Она сделжалась, но теперь я злюсь по другой причине. Этот ублюдок смотрел на неё во все глаза, а его руки были слишком цепкими. Огонь собственничества пульсирует в моих венах, когда я прохожу мимо аукциона в столовой и направляюсь на заднюю палубу. Я подхожу к стене французских дверей и выхожу наружу, сразу же поблагодарив за то, что здесь больше никого нет, кроме одной одинокой фигуры.
Эвелин.
Теперь, когда непосредственная угроза миновала, у меня есть время рассмотреть, во что она одета, и когда я это делаю, мои легкие сжимаются, а член оживает. Она безупречна в зеленом платье, которое струится по изгибам ее тела. Ее волосы завиты и убраны с шеи, и хотя я знаю, что она ведет себя не так, как остальные представители элиты Иллинойса, но твою мать, она умеет одеваться по статусу.
Она стоит ко мне спиной, и я наслаждаюсь видом её обнаженной кожи, платье без спины и драпируется вдоль изгиба её задницы. Я без раздумий двигаюсь вперед. Её руки обхватывают металлические перила, которыми обнесена задняя часть корабля. Ветер хлещет с воды, проносясь по палубе, и низ её платья шелестит, маленькие локоны её волос развеваются
— Не прыгай.
Её тело напрягается, и я подхожу ближе, удивляясь, почему у нее нет быстрого ответа, как это обычно бывает.
Я подхожу к ней, замечая её закрытые глаза, затем перевожу взгляд на ёе покрытые мурашками руки и, наконец, на костяшки пальцев, побледневшие от крепкой хватки за перила.
— Ты в порядке?
— Заткнись, — огрызается она, крепко сжимая глаза.
Она робко открывает одно веко и смотрит вниз на темное озеро. Её грудь поднимается и опускается быстрее, и она снова захлопывает его.
Она боится воды?
Я двигаюсь, не задумываясь, отчасти потому, что я нужен ей, а отчасти потому, что мне отчаянно хочется прикоснуться к ней, просто чтобы доказать, что я могу это сделать, после того как видел, как другой мужчина вожделеет её и не смог остановить его. Я делаю шаг за ней, не совсем вплотную, но достаточно близко, чтобы тепло её тела излучалось от её спины.
Она здесь, совсем одна, а вся её семья внутри, как будто они не понимают, что ей может быть трудно. Как будто они даже не знают, что она боится.
А может, и не знают.
Это неприятное чувство — видеть её в таком состоянии.
Я нежно целую маленькую веснушку на её левом плече и снимаю пиджак, накидывая его на неё. Затем я заключаю её в клетку, мое тело окружает её, а мои руки ложатся на перилах.
Ее дыхание сбивается, но она не открывает глаза. Я отрываю её от металла, пропуская свои пальцы сквозь её, чтобы она могла держаться за меня.

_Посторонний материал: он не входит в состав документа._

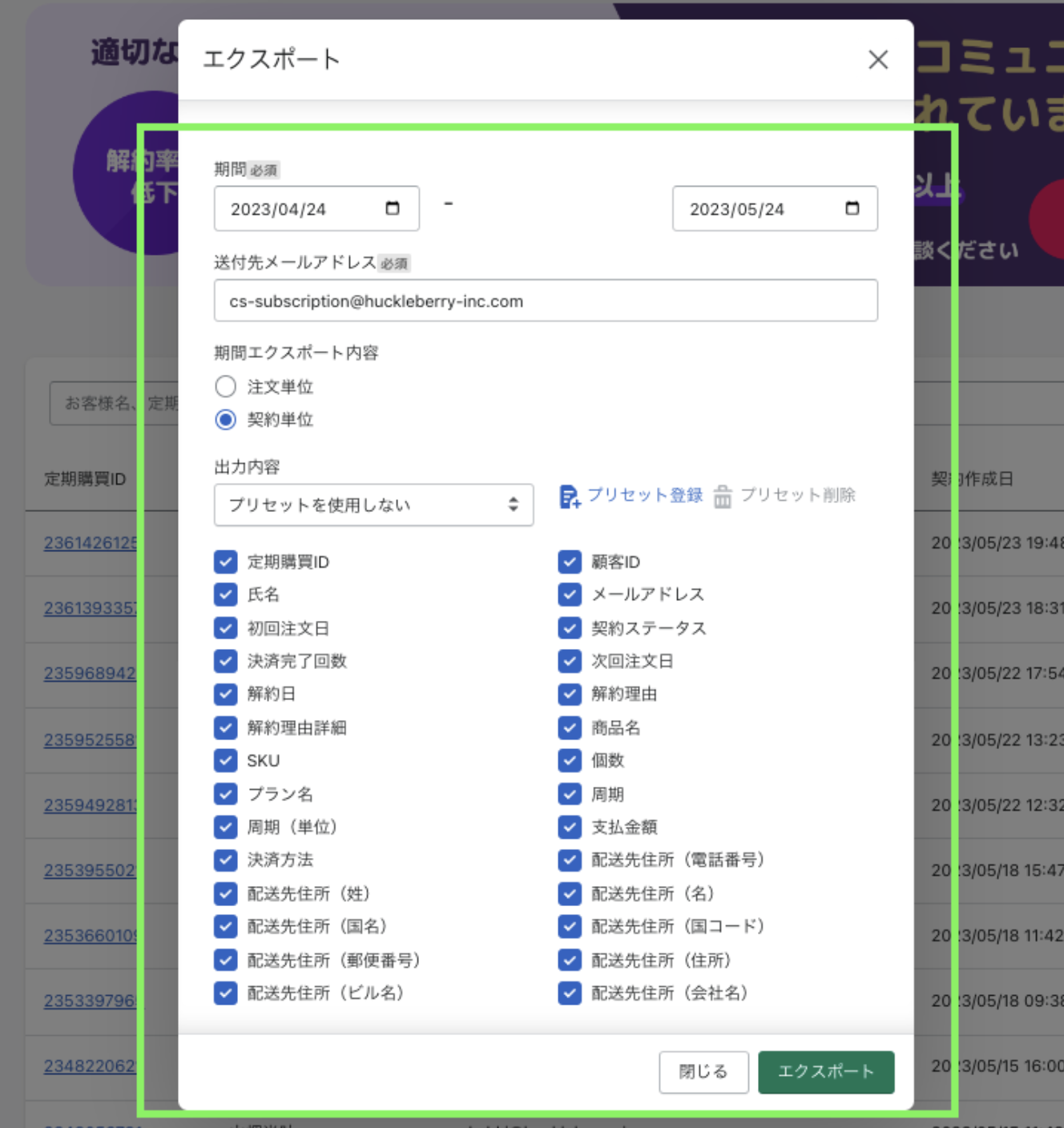 定期購買アプリのエクスポート機能を活用して契約データを分析することが可能です。

— Звезда! Хочу тебе подобным стать — но не светилом одиноким с небосвода, чтоб не смыкая глаз, всю ночь сиять бессонным созерцателем природы, — я тихо шепчу эти слова ей на ухо.

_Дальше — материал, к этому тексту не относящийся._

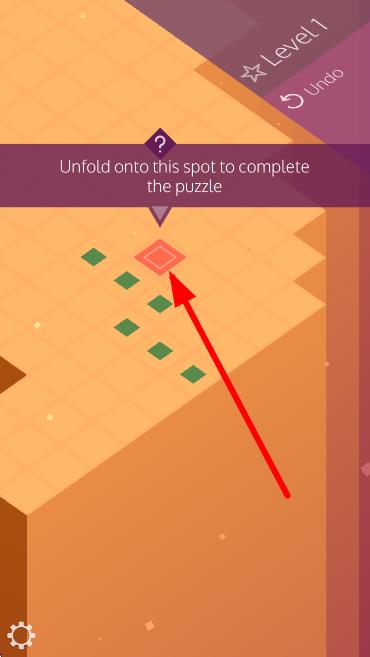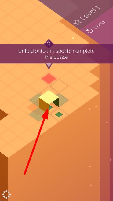 2、根据提示Unfold onto this spot to complete the puzzle,操作黄色方块,按箭头指引方向折叠,匹配目标位置。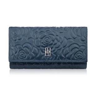 DUŻY PORTFEL DAMSKI SKÓRZANY Z TŁOCZENIEM W KWIATY GRANATOWY PAOLO PERUZZI AL-14-NV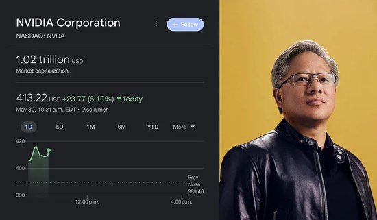 然后在周二美股开盘之际,英伟达冲破1万亿美元市值关卡,开创了芯片产业的又一里程碑!

Ее тело снова прижимается к моему.
— Теченье ль вод вершит святой обряд, даруя омовенье берегам, иль мягкий саван стелет снегопад, творя покров болотам и горам…

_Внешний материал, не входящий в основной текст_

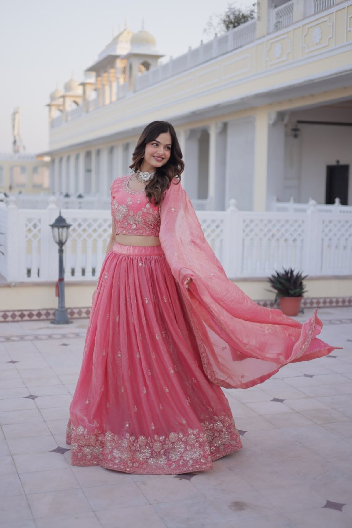 Glamorous Pink Fendi Silk Lehenga Choli Heavy Sequins And Zari Embroidery

Её дыхание выравнивается, и её голова расслабляется на моей груди, и мне, наверное, следовало бы беспокоиться о том, кто может увидеть, о том, где мы находимся и что делаем, но я не беспокоюсь.
Единственное, что имеет значение — это она.
— Нет, с милой бы провёл всю ночь без сна я, чтоб голову ей положить на грудь и так, дыханью милому внимая, — наклоняю голову вниз, пока мои губы не коснутся ее шеи, и вдыхаю её, мой член тверд, а сердце колотится. — В бессоннице блаженной утонуть.
Она прижимается ко мне, тихий стон срывается с её губ, когда она чувствует, как я плотно прижимаюсь к ней бедрами.
— И чутко каждый легкий вдох ловить. А если нет — зачем на свете жить?
Напряжение, закручивающееся вокруг наших тел, подавляет, и я не знаю, что именно я чувствую, только то, что ничто другое никогда не ощущалось подобным образом. Открыв глаза, она поворачивается в моих руках, чтобы посмотреть мне в лицо.
Она улыбается.
И моя грудь словно взрывается.
— Китс — мой любимый, — вздыхает она.
— Я помню.
Я крепко обнимаю её, подношу один из наших переплетенных пальцев вверх, чтобы поцеловать тыльную сторону её руки.
— Для человека, который не верит в романтику, ты раздражающе хорош в ней.